The problem is that USB is surprisingly convoluted, in particular the
newer and faster versions. Different controller chips also mean that
different drivers might be needed. Even once you have those, USB sticks
sometimes manage to be too exotic to be covered by general standards for
USB storage media. As a modern BIOS almost has to support USB booting
and is written for the exact mainboard on which it is installed, your
best start for getting a tailor-made driver is to use the one inside
your BIOS. Even if that means that you have to boot from the USB stick
to gain access to copy files to and from the stick inside DOS, which as
I certainly admit is a bit silly. How were your experiences with various
existing DOS drivers for USB yet? Bret Johnson or Georg Potthast drivers
or classical USBASPI or Cypress DUSE for example?
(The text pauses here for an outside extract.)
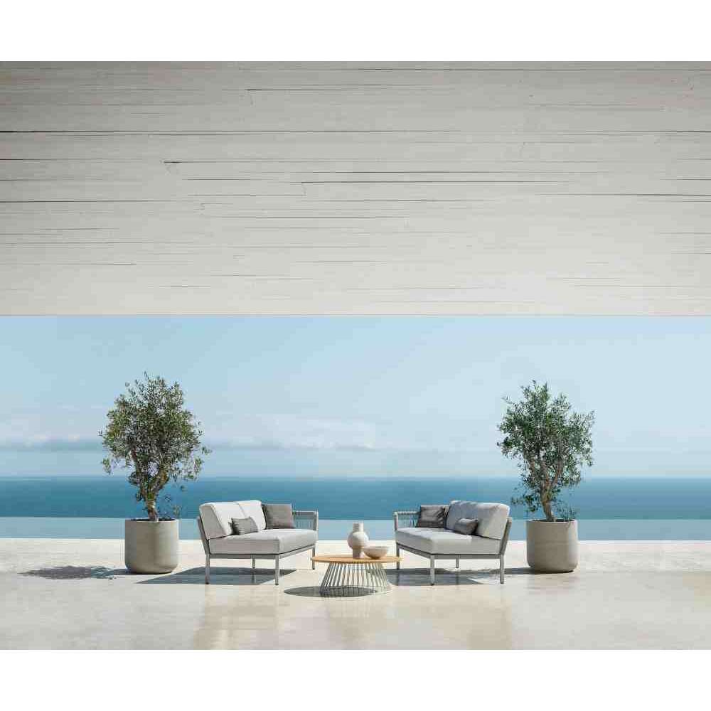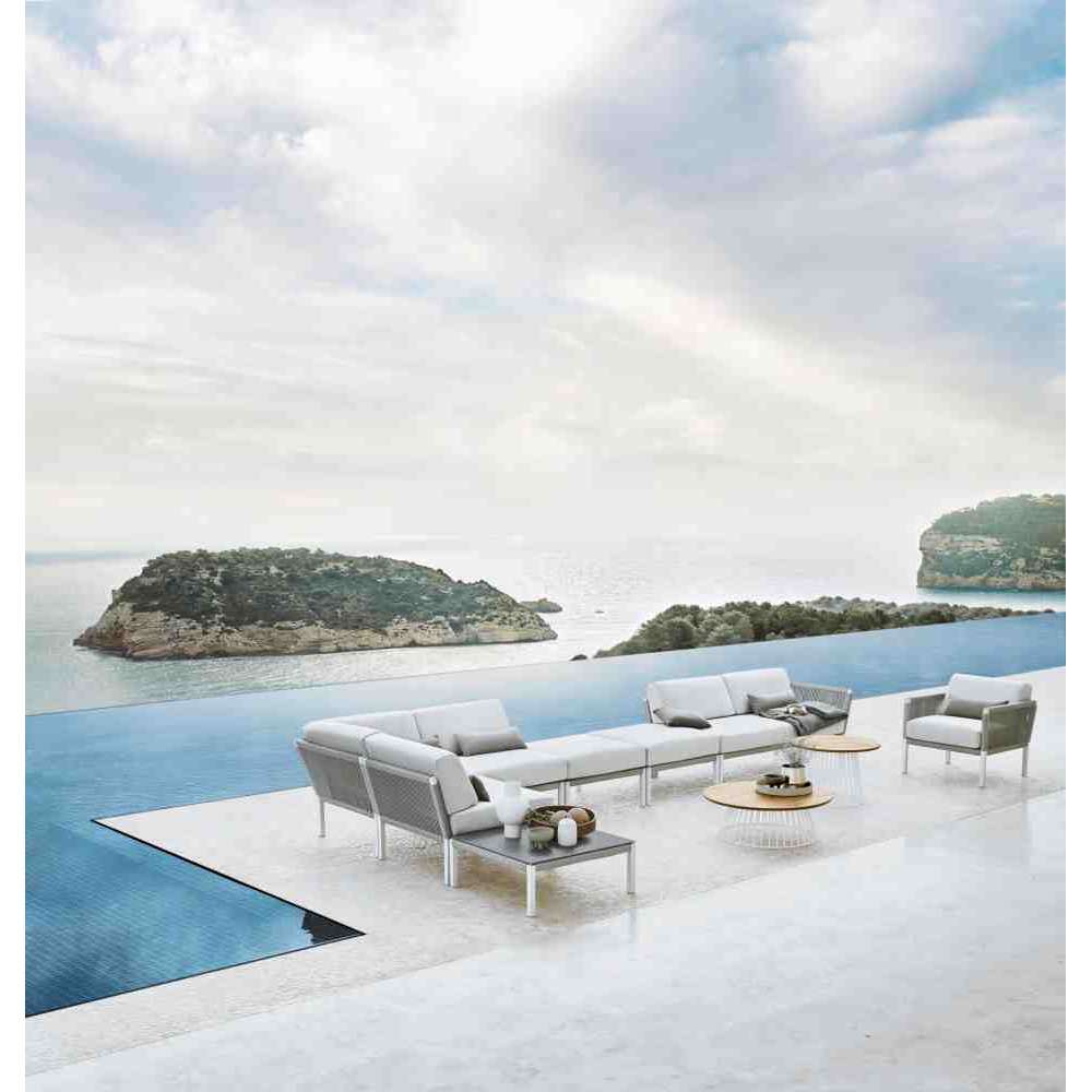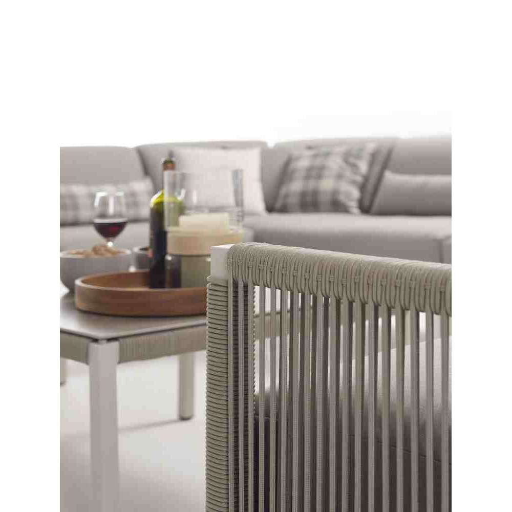 Projekt serii CLUB charakteryzuje się otwartym splotem wykonanym z jednego miękkiego w dotyku sznurka, który jest podtrzymywany przez prostą aluminiową ramę. Dzięki nowoczesnemu splotowi podłużnemu i przytulnym poduszkom, projekt zapewnia solidną lekkość.

If any of those works
for you, then you can avoid the tedious "boot from USB first" method.

> Printing: help with setting up a generic printing method

Define "generic". In DOS age, printing almost always meant Centronics
or sometimes RS232 connected devices which almost always understood
plain text with a few escape sequences for font changes and similar.

Even today, you still find printers which understand plain text and
are connected by Centronics. Some are connected by network, which is
actually feasible to use in DOS as long as your PC has a LAN cable.
Wireless networks rarely work in DOS, drivers would be very complex
and only few very very old Wireless network cards do have DOS drivers.
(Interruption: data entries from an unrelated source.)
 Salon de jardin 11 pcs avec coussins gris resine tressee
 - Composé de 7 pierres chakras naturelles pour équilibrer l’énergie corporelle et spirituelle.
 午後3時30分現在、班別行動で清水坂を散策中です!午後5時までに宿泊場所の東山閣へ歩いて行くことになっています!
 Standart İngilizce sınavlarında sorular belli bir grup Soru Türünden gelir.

The next generation are printers with ESC/P, Postscript, PDF and other
quasi-standard languages. Those also work more or less, depending on
whether your DOS app speaks the right language. This is not the job of
DOS itself but of the app. You can also get separate converter apps.
For example GRAPHICS for FreeDOS (for printing graphics screenshots
when you hit a hotkey) can speak ESC/P and Postscript natively.
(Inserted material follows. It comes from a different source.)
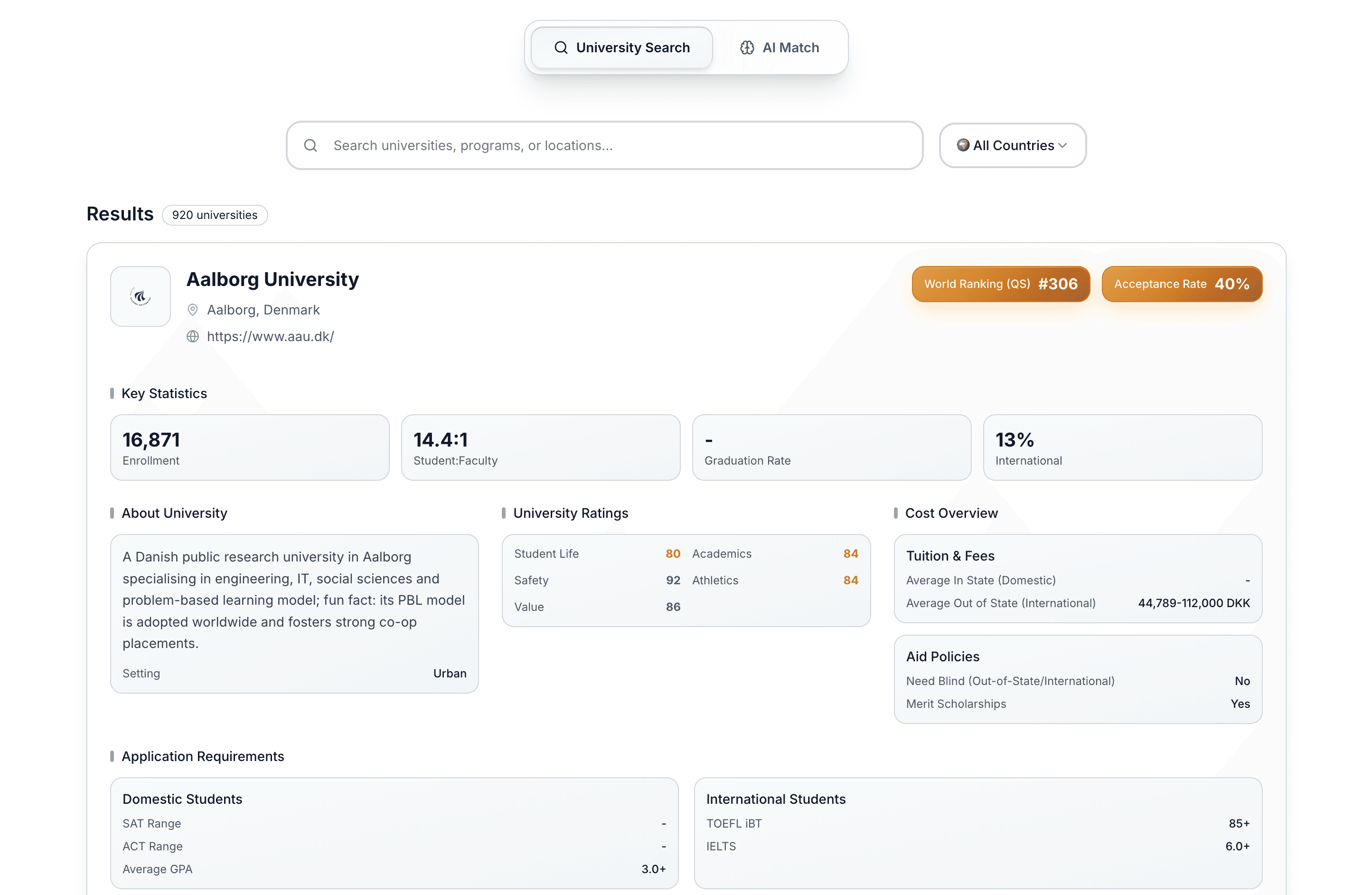Your one-stop to explore every university in detail - rankings, acceptance rates, requirements, costs, and more.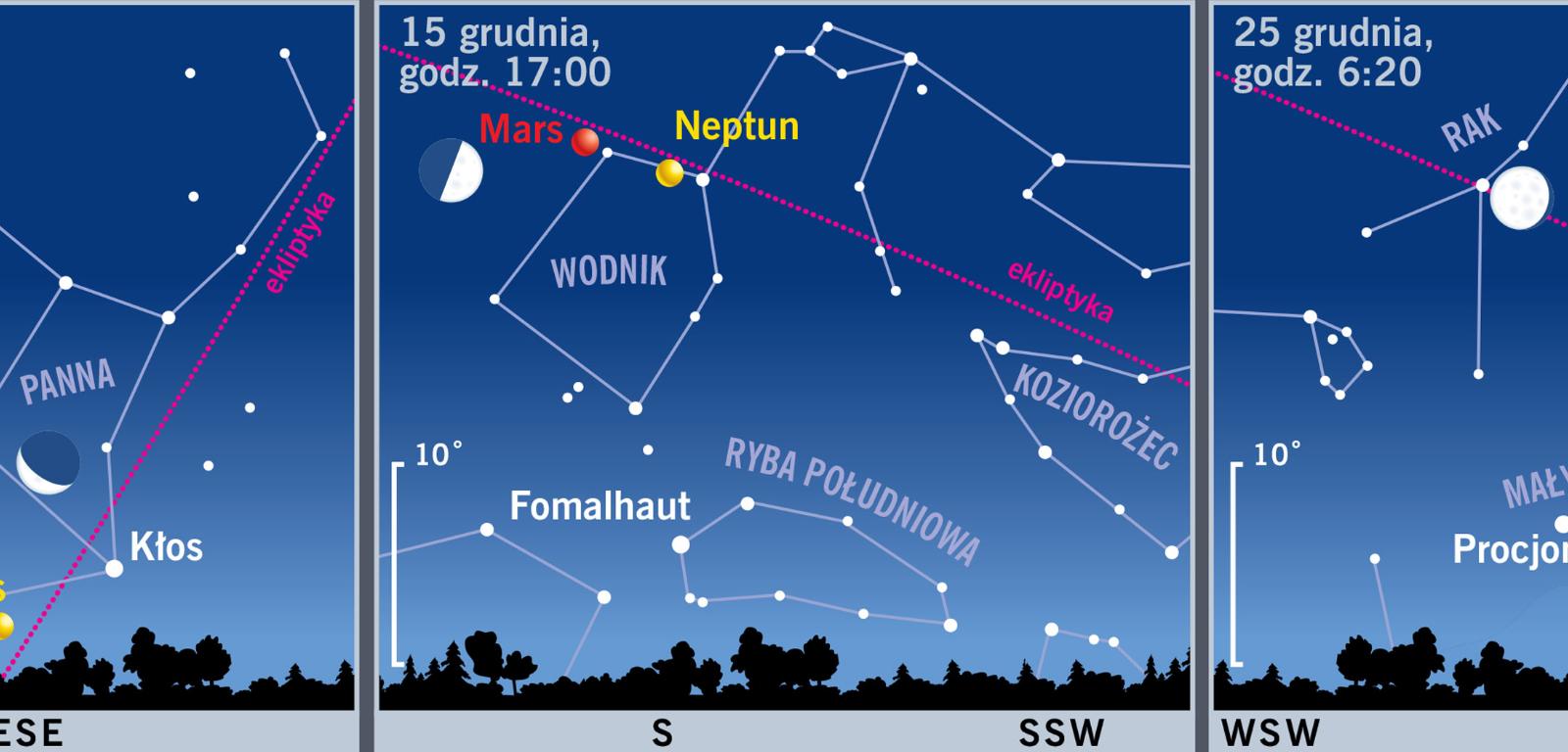 Już 3 grudnia zobaczymy cieniutki sierp Księżyca koło Wenus w Pannie. 15 grudnia nad ranem nasz satelita w pierwszej kwadrze odwiedzi znajdującego się w Wodniku Marsa. 25 grudnia Srebrny Glob, bardzo stosownie do daty, przejdzie tuż obok Żłobka – otwartej gromady gwiazd w Raku.

After that, when Windows 95/98 was trending, you got printers which
were cheaper by being more dumb. They no longer are able to do much
themselves, but need complex Windows drivers to pre-digest content
for them before it gets sent to the printer. Similar: Win9x modems.

Neither Windows-only printers nor "Winmodems" will work in DOS, as
you would need a DOS version of the corresponding Windows drivers
which can be rather large. Even for Linux it was probably painful
to have to write extra data digestion tools to use such devices.

But as said, I am optimistic: CPU power is cheap today and it is,
still or again, a quality feature of printers to speak PS or PDF.

In a way, even AC97 and HDA sound are in the same family, because
those can only output wave audio in hardware, while classic Sound
Blaster could also do FM Synthesis (Adlib) in hardware. So games
(or drivers) will have to do synthesis in software to have chances
to work on modern hardware. In Linux, I can run Timidity to "render"
MIDI music into wave audio. Even the main binary of Timidity already
is more than 1 MB in size, so you can imagine that simulating some
DOS game compatible soundcard will need more than 1 MB of RAM...

Regards, Eric

PS: Thanks for mentioning https://kolibrios.org/de/download which
supports USB (mouse, keyboard, trackpad, storage) in only 1.5 MB.
Does it also support your printer and other USB devices? It does
remind me of the QNX demo diskette which included a graphical web
browser in less than 2 MB, if I remember correctly :-) According
to the website, KolibriOS needs 8 MB RAM, can READ NTFS and Linux
partitions and supports some common sound, network and graphics:

http://wiki.kolibrios.org/wiki/Hardware_Support radeon, i915, VESA,
emu10k, es1371, fm801, intel & via ac97, intel hda, sb16, sis7012,
3c59x/450/55x/575/900/905/980, dec21140/virtualpc, nvidia nforce,
intel eepro100 & pro/1000, mtd803, pcnet32, r6040, via rhine,
rtl8029, rtl8139, rtl8169, sis900, ps/2 mouse, floppy, ide/atapi,
usb 1.1/2.0 (uhci, ohci, ehci) with hid (keyboard/mouse), storage
(sticks and external disks) and printer. Which ones work for you?
Many drivers are for devices simulated by QEMU, Bochs, VMware etc.